I was grateful therefore, that the sun shone on the Lakes as I headed back north, despite a somewhat “iffy” forecast. Another couple of unvisited Wainwrights could be claimed.
Once through Staveley the lower reaches of the Kentmere valley are a delight to drive through: steeply wooded hillsides, the occasional glimpse of the meandering river, typical Lakeland slate cottages and farms and, with almost every twist of the narrow road, a different horizon is revealed.
Having parked close to the entrance to the works, just a couple of kilometres from Kentmere village itself, the walk has an inauspicious start. Cartoon character health and safety signs and yellow stripes across the yard help you navigate the lurking dangers before launching you along the path above Kentmere Tarn.
The church and the scattered cottages of the village present an idyllic chocolate-box view with Kentmere Pike in the background and absolutely no hint of the motorised visitor-strewn mayhem a valley or two to the west. May such quiet Cumbrian corners continue.
The woodland path leads to the farm at Kentmere Hall, and once above the slopes that rise behind the farm the track to the Garburn Pass is reached: the valley is soon left behind and with equal speed, and the odd zig-zag, the pass is reached. The prospect of a view down into Troutbeck encourages you to overshoot, pass through the gate and miss the stone stile that provides access to Sallows’ somewhat soggy slopes above and to the left.
Once steps have been retraced and over the wall a teeter along the remnant of an older structure helps to avoid the initial boggy stretch before some bucket steps lead directly up the hill. Within ten minutes the majestic summit cairn looms large atop what appears to be a burial mound of some sort. Actually, it’s just a dozen or so flat stones barely rising higher than the sheep-shorn short grass of quite a flat top: but it does benefit from a great view south and west. Morecombe Bay and stretches of Windermere catch the sun in one direction while Great Gable sits on the western horizon like a huge on: off button waiting to be pressed.
The route round to Sour Howes offers more of the same in terms of both soggy ground and views. Pleasant, untaxing, relaxing – just what a break from the motorway needs to be. By contrast with Sallows, its top is a jumble of mounds with the occasional jagged rock breaking through to provide definition to the highest. It’s the sort of place where, given that rarity of some warm late afternoon summer sun, you could lean back and soak it all in and doze.

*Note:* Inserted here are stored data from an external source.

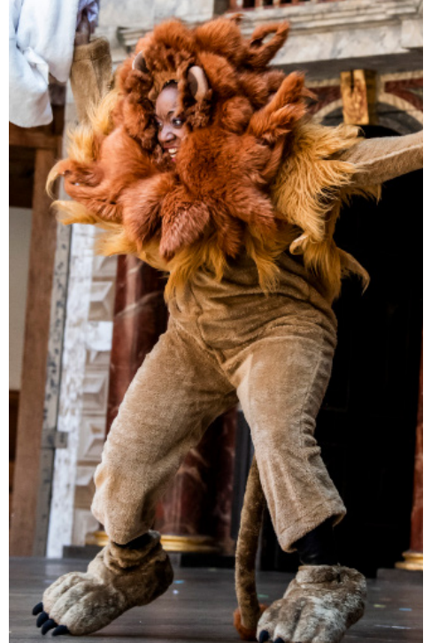
This is Snug disguised as The Lion.
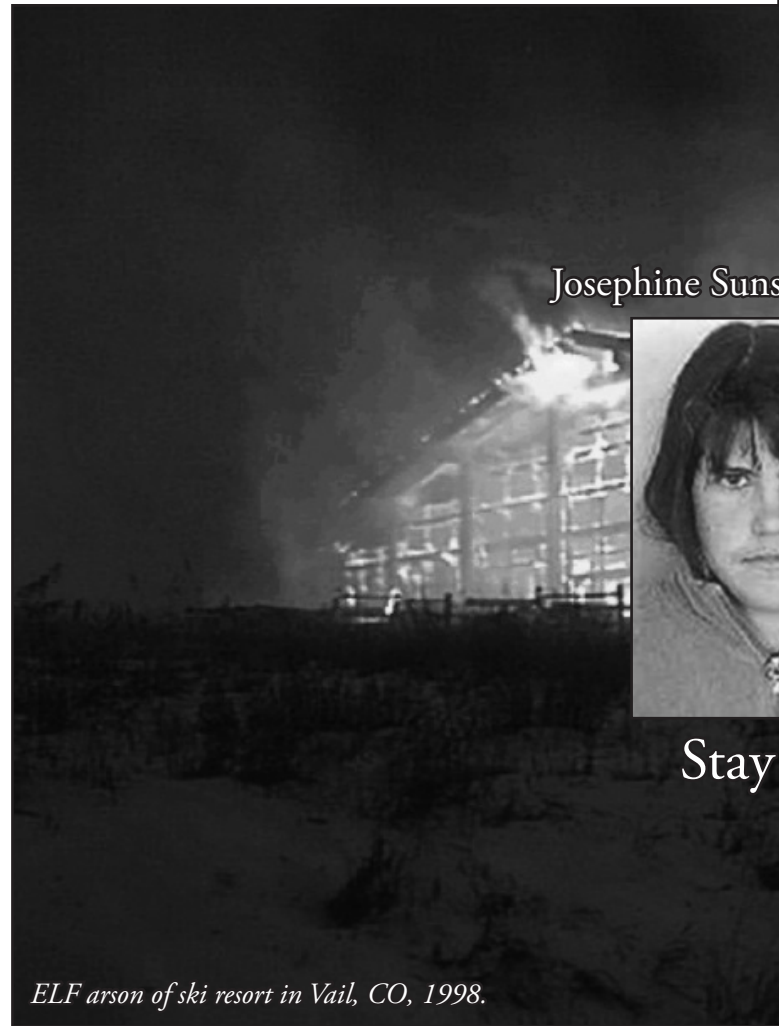
ELF arson of ski resort in Vail, CO, 1998.

In 1997, different ELF cells that did not know each other carried out attacks in Utah against a fur-breeding plantation
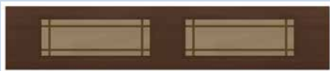
Bronze Tint Glass & Regal Wide Bronze Muntin Bars

But no, “I have miles to go before I sleep” someone once said (that’s dragging out some O-Level English from deep inside my memory).
The descent from Sour Howes simply follows one wall then another before taking the middle of three paths towards Ullthwaite Bridge.
Before getting there a narrow path to the left squeezes between two old stone walls and heads for a bridge across the beck and Sawmill Cottage. The dangers of the now deserted works yard can now be tackled to return to the car having thoroughly enjoyed this quiet quarter of the Lakes.
by Morecambe Monkey » Mon Jul 16, 2012 11:18 pm
by ChrisW » Tue Jul 17, 2012 4:18 am
by AJNicholls » Fri Jul 20, 2012 3:10 pm
I think even the less impressive Wainwrights still have something going for them, but my main memory of Sour Howes is finding several people standing around on different mounds trying to work out which bit was the summit!